First, the scrambler 17 converts the parallel signal (multiplexed signal) input from the multiplexing means 12 into a serial signal by the P / S converter 17c. Then, the scrambler 17 scrambles the serial signal using the generator polynomial expressed by the equation (1). The signal scrambled by this equation (1) becomes a non-return to zero (NRZ) bit stream.
_{^{G 1 (x) = X 9}} + X 4 +1 ··· Equation (1)

Next, the scrambler 17 converts the scrambled non-zero return bit stream into an NRZI (Non Return to Zero Inversion) bit stream using the generator polynomial expressed by Equation (2). The scrambler 17 performs DC (direct current) balance processing in order to handle this NRZI with a physical layer. Further, the scrambler 17 converts the serial signal converted into the NRZI bit stream by the S / P converter 17d into a parallel signal.
G ₂ (x) = X + 1 (2)

  That is, with the configuration shown in FIG. 14A, the scrambler 17 scrambles the above-described equations (1) and (2) in order. The details of the scramble procedure are described in, for example, the document “SMPTE (Society of Motion Picture and Television Engineers) 259M”.

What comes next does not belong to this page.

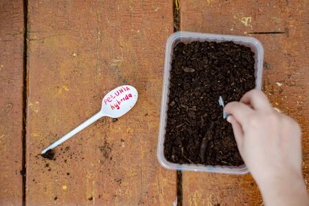 Gardening concept two hand of a gardener inserting rich black soil to nursery trays preparing for growing seedlings.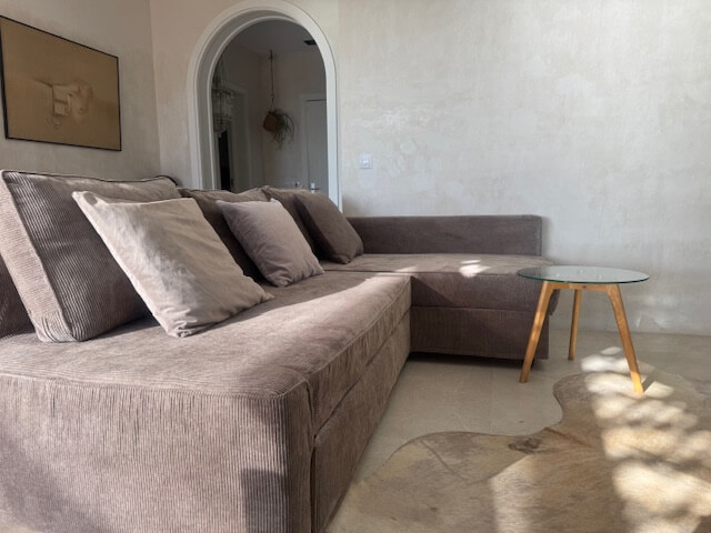 Für entspannte Stunden oder gesellige Abende steht Ihnen ein hochwertiges Sofa 🛋️ zur Verfügung – ideal zum Entspannen oder für Gäste.

  The wideband video signal transmitting apparatus 10 according to the fourth embodiment includes an input unit 11, a multiplexing unit 12, an 8-bit / 10-bit encoding unit 13, a parallel-serial conversion unit 14, and an electro-optical conversion. The means 15 is the same as each means in FIG.

[Broadband video signal transmitter operation]
Hereinafter, the operation of the wideband video signal receiving apparatus of FIG. 13 will be described with reference to FIG. 15 (see FIG. 15 as appropriate). FIG. 15 is a flowchart showing the operation of the wideband video signal receiving apparatus of FIG.

  Since the process of step S21 and the process of step S22 are the same as the process of step S1 and the process of step S2 of FIG. 5, description is abbreviate | omitted.

  Subsequent to the processing in step S22, the wideband video signal transmitting apparatus 10 scrambles the multiplexed signal multiplexed by the multiplexing means 12 by the scrambler 17 (step S23). The wideband video signal transmitting apparatus 10 uses the 8 bit / 10 bit encoding means 13 to encode the multiplexed signal scrambled by the scrambler 17 into 8 bits / 10 bits (step S24).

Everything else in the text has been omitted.